Building Blocks for Molecular Polygons Based on Platinum Vertices and Polyynediyl Edges.

Reactions of Cl 2 P(CH 2 ) 3 PCl 2 and p -MgBrC 6 H 4 X (X = a /OMe, b /O t Bu, c / t Bu, d /SiMe 3 ) give the diphosphines ( p -XC 6 H 4 ) 2 P(CH 2 ) 3 P( p -C 6 H 4 X) 2 ( 1a - d ; 47-66%). Additions of 1a , d to (COD)PtCl 2 yield (CH 2 (CH 2 P( p -C 6 H 4 X) 2 ) 2 )PtCl 2 ( 2a , d ; 62-88%), which upon reaction with butadiyne (2 equiv; HNEt 2 /cat.
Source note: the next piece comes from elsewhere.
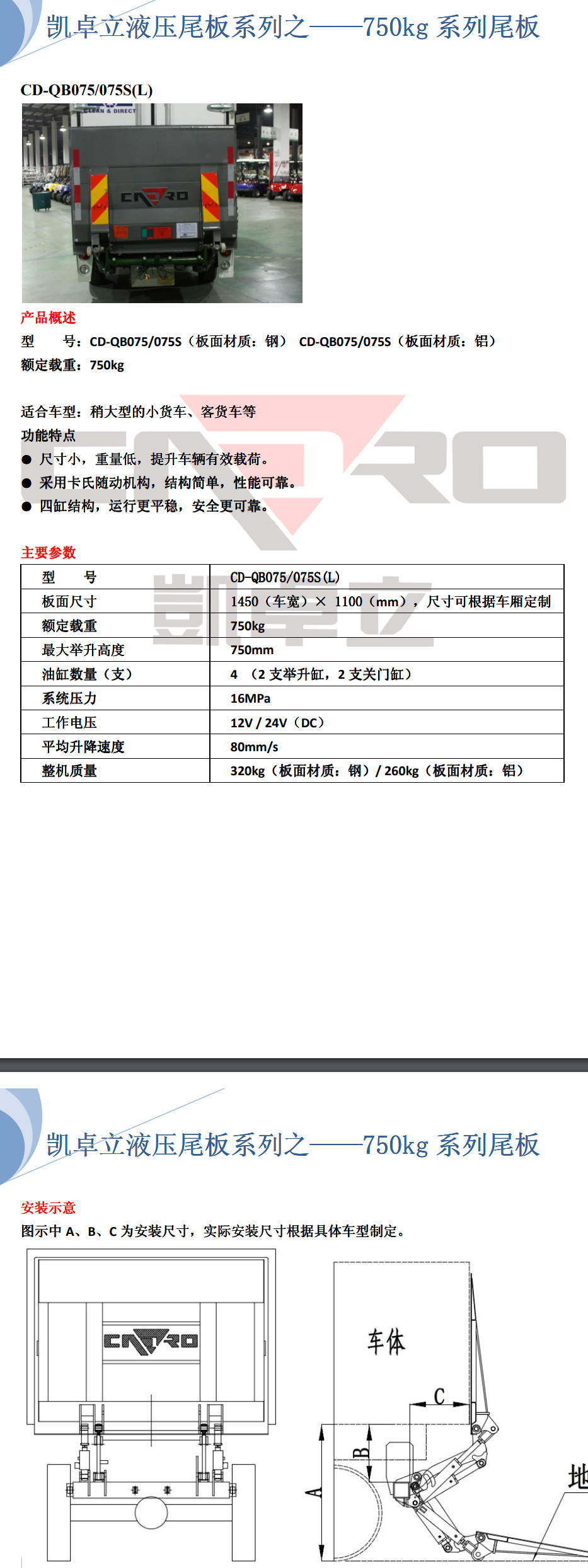 懸臂式尾板750kg系列產品—如“CD-QB075/075”等.

CuI) give (CH 2 (CH 2 P( p -C 6 H 4 X) 2 ) 2 )Pt((C≡C) 2 H) 2 ( 3a , d ; 34-76%). Alternatively, 3a - d can be accessed from trans -( p- tol 3 P) 2 Pt((C≡C) 2 H) 2 and 1a - d (30-87%). Reactions of ( p -tol 3 P) 2 PtCl 2 and H(C≡C) 2 SiR 3 (2 equiv, HNEt 2 /cat. CuI; R = Me/Et/ i Pr) give trans -( p -tol 3 P) 2 Pt((C≡C) 2 SiR 3 ) 2 (77-95%), and subsequent additions of 1a , b , d yield the corresponding adducts (CH 2 (CH 2 P( p -C 6 H 4 X) 2 ) 2 )Pt((C≡C) 2 SiR 3 ) 2 (R/X = Me/OMe, 5a ; i Pr/OMe, 6a ; i Pr/O t Bu, 6b ; i Pr/SiMe 3 , 6d ; 52-95%) and (for 5a ) a luminescent diplatinum byproduct with trans Pt((C≡C) 2 SiMe 3 ) 2 units. 5a and 6b hydrolyze in the presence of F - to 3a , b (92-93%). Reaction of 2a and 3a (HNEt 2 /cat. CuI) affords the Pt 4 C 16 polygon ([(CH 2 (CH 2 P( p -C 6 H 4 OMe) 2 ) 2 )Pt(C≡C) 2 ] 4 as an H 2 NEt 2 + Cl - adduct (66%). The 13 C{ 1 H} NMR spectra of 3a - d , 5a , and 6a , b , d feature complex AMXX' (CPtPP') spin systems, and simulations allow J values to be extracted. The crystal structures of 2a , 3a , b , d , 5a , and 6a are determined and analyzed.